Reproduce nothing but the lines from the start of the material through the line that includes "Kevyt, ilmava toppi", both ends included, and omit every picture.
[Start of section]
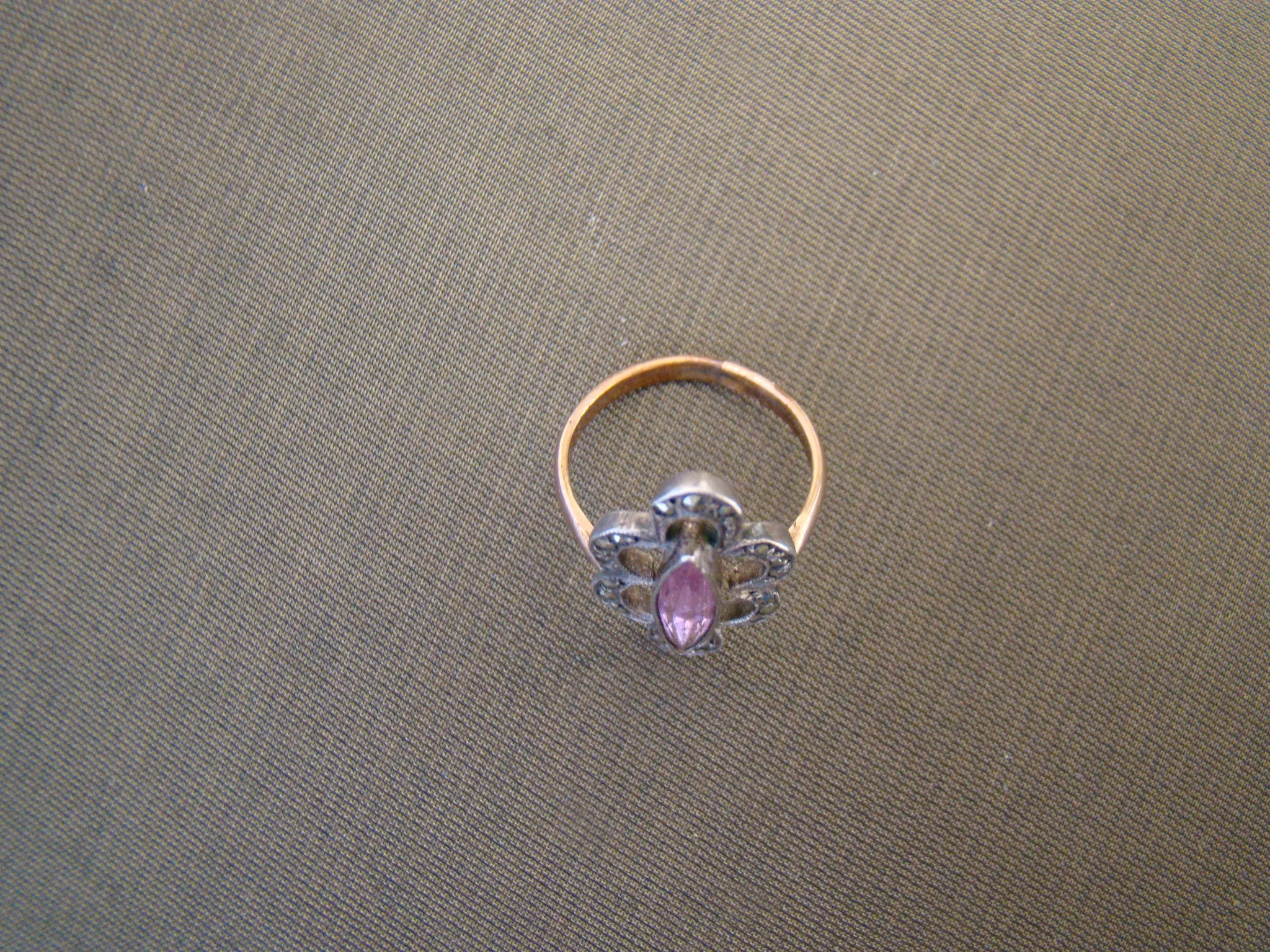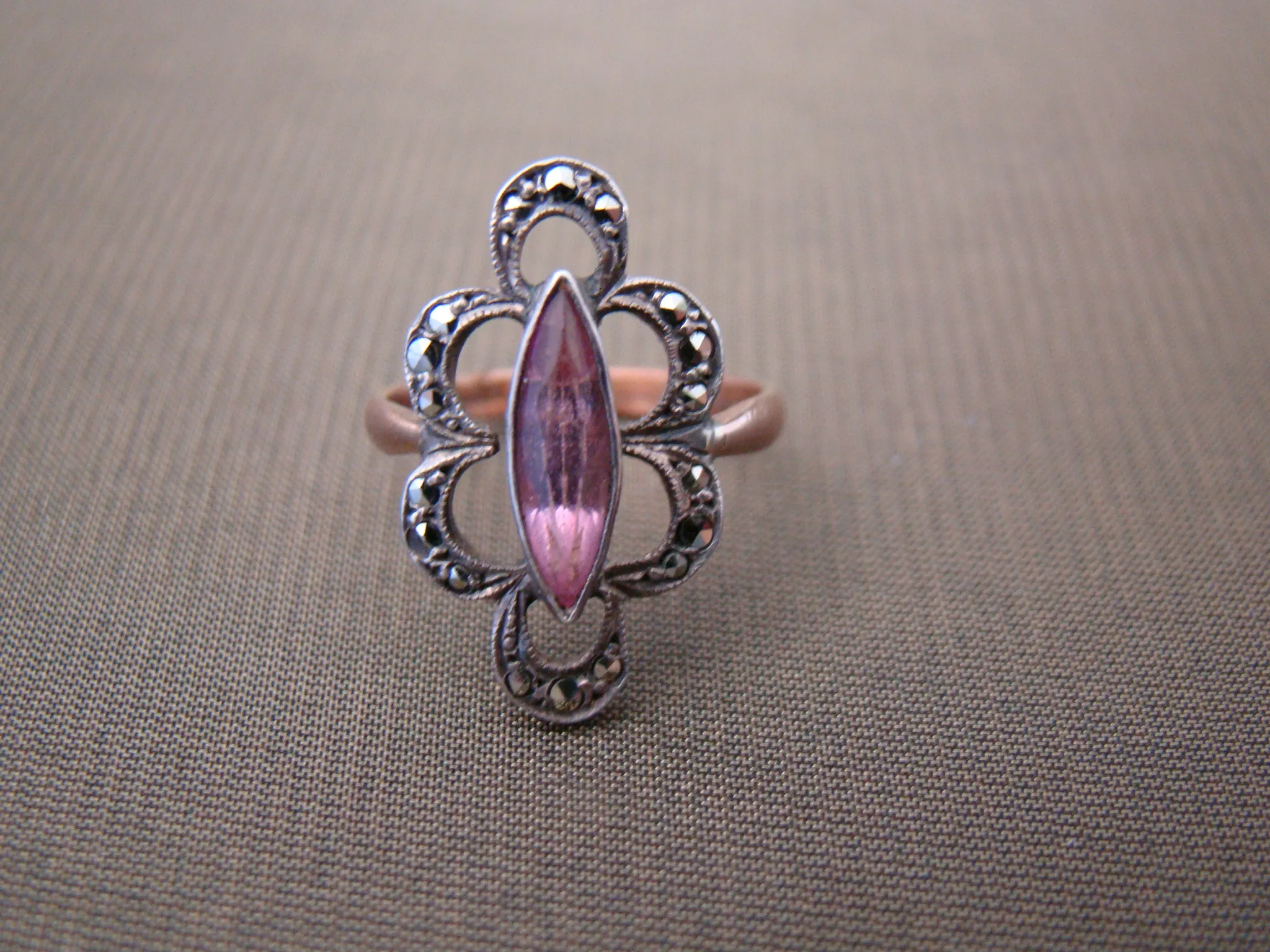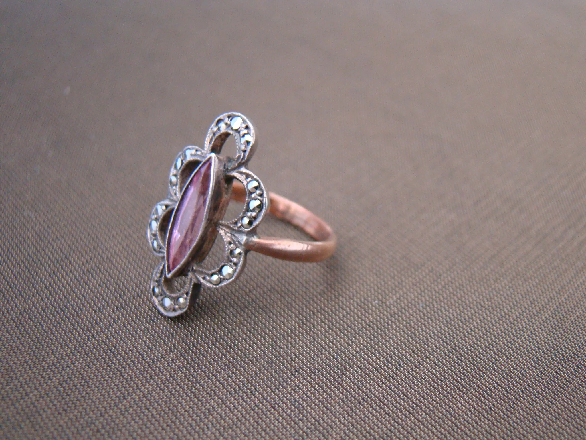 9 kt rood gouden zilveren antieke ring rose steen markesiet
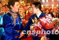 二十四日晚,北京舉行大型文藝晚會《圓夢》慶祝中國首次航天飛行圓滿成功。著名歌唱家德德瑪代表觀眾向航天英雄楊利偉獻花。作者:王玉
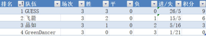 两轮过后GUESS已经提前夺冠,轻松迎战GreenDancer。而第一次遇见这种等级的强队,GreenDancer显得有些慌乱,后防的问题再度暴露出来,丢的14颗球就当做是他们交的学费了。另一边飞箭的门将依然稳健,久攻不下的品如阵型过于前压导致屡次送给对方单刀机会,上半场丢球过多,即使下半场稳住局面依然以1:7落败。
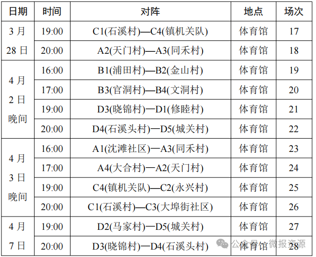 资源县2025年“篮朋友”大众联赛(资源镇赛区)交叉赛赛程表
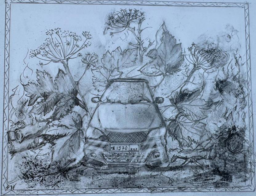 Несчастный «логан» Алекса напоминал змеиное гнездо. Только вместо змей – еще тлеющие стебли борщевика. Проклятое растение оплело колеса, ввинтилось под капот и в багажник, расплавило стекла, продавило крышу и заполнило салон вонючим дымом. На землю уже капало темное и не менее пахучее. Свежий борщевик подпирал сзади, перебирая корнями по обочине и избегая кусков старого асфальта.
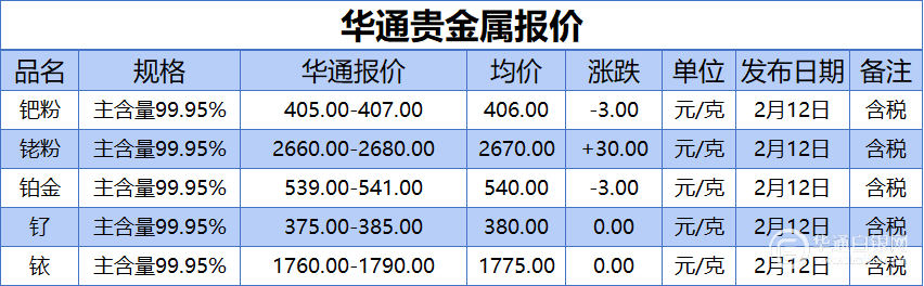 华通白银网 2月12日讯:钯粉、铑粉、铂金、钌、铱报价
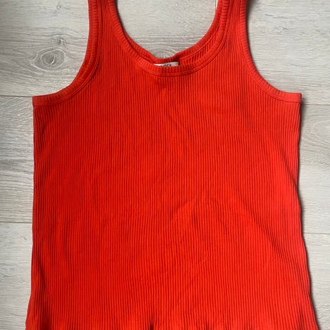 Kevyt, ilmava toppi Lindex Holly & Whyte koko M. Oranssinpunaisia ja valkoisia kuvioita. Olkaimen leveys 4 cm. Takapituus 50 cm. Kainalosta kainaloon ympärysmitta 108 cm. 100 % polyesteri. Postimaksu 7,90 Eur.
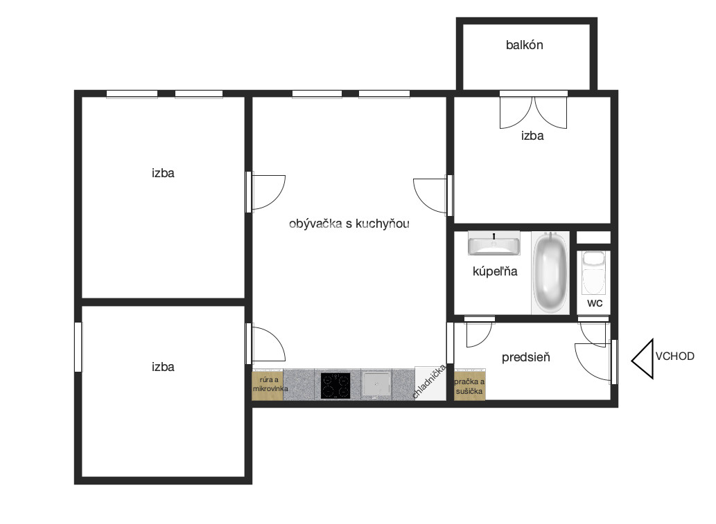 Pozostáva zo 4 izieb, vstupnej chodby, samostatnej kúpeľne, toalety a priestranného balkónu.
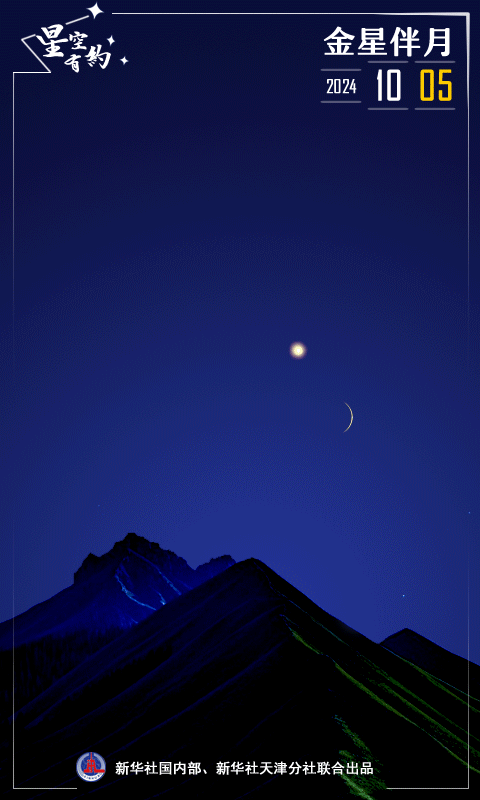 新華社天津10月4日電(記者周潤?。?0月5日和6日傍晚,我國公眾將有機會目睹明亮的金星與蛾眉月相伴的一幕“星月童話”。屆時只要天氣晴好,在西南方低空,星光與月光交織在一起,映美蒼穹,成為天邊一道亮麗的風景線。
[End of section]
◆ ANSWER TO THIS PROBLEM:
 9 kt rood gouden zilveren antieke ring rose steen markesiet
 二十四日晚,北京舉行大型文藝晚會《圓夢》慶祝中國首次航天飛行圓滿成功。著名歌唱家德德瑪代表觀眾向航天英雄楊利偉獻花。作者:王玉
 两轮过后GUESS已经提前夺冠,轻松迎战GreenDancer。而第一次遇见这种等级的强队,GreenDancer显得有些慌乱,后防的问题再度暴露出来,丢的14颗球就当做是他们交的学费了。另一边飞箭的门将依然稳健,久攻不下的品如阵型过于前压导致屡次送给对方单刀机会,上半场丢球过多,即使下半场稳住局面依然以1:7落败。
 资源县2025年“篮朋友”大众联赛(资源镇赛区)交叉赛赛程表
 Несчастный «логан» Алекса напоминал змеиное гнездо. Только вместо змей – еще тлеющие стебли борщевика. Проклятое растение оплело колеса, ввинтилось под капот и в багажник, расплавило стекла, продавило крышу и заполнило салон вонючим дымом. На землю уже капало темное и не менее пахучее. Свежий борщевик подпирал сзади, перебирая корнями по обочине и избегая кусков старого асфальта.
 华通白银网 2月12日讯:钯粉、铑粉、铂金、钌、铱报价
 Kevyt, ilmava toppi Lindex Holly & Whyte koko M. Oranssinpunaisia ja valkoisia kuvioita. Olkaimen leveys 4 cm. Takapituus 50 cm. Kainalosta kainaloon ympärysmitta 108 cm. 100 % polyesteri. Postimaksu 7,90 Eur.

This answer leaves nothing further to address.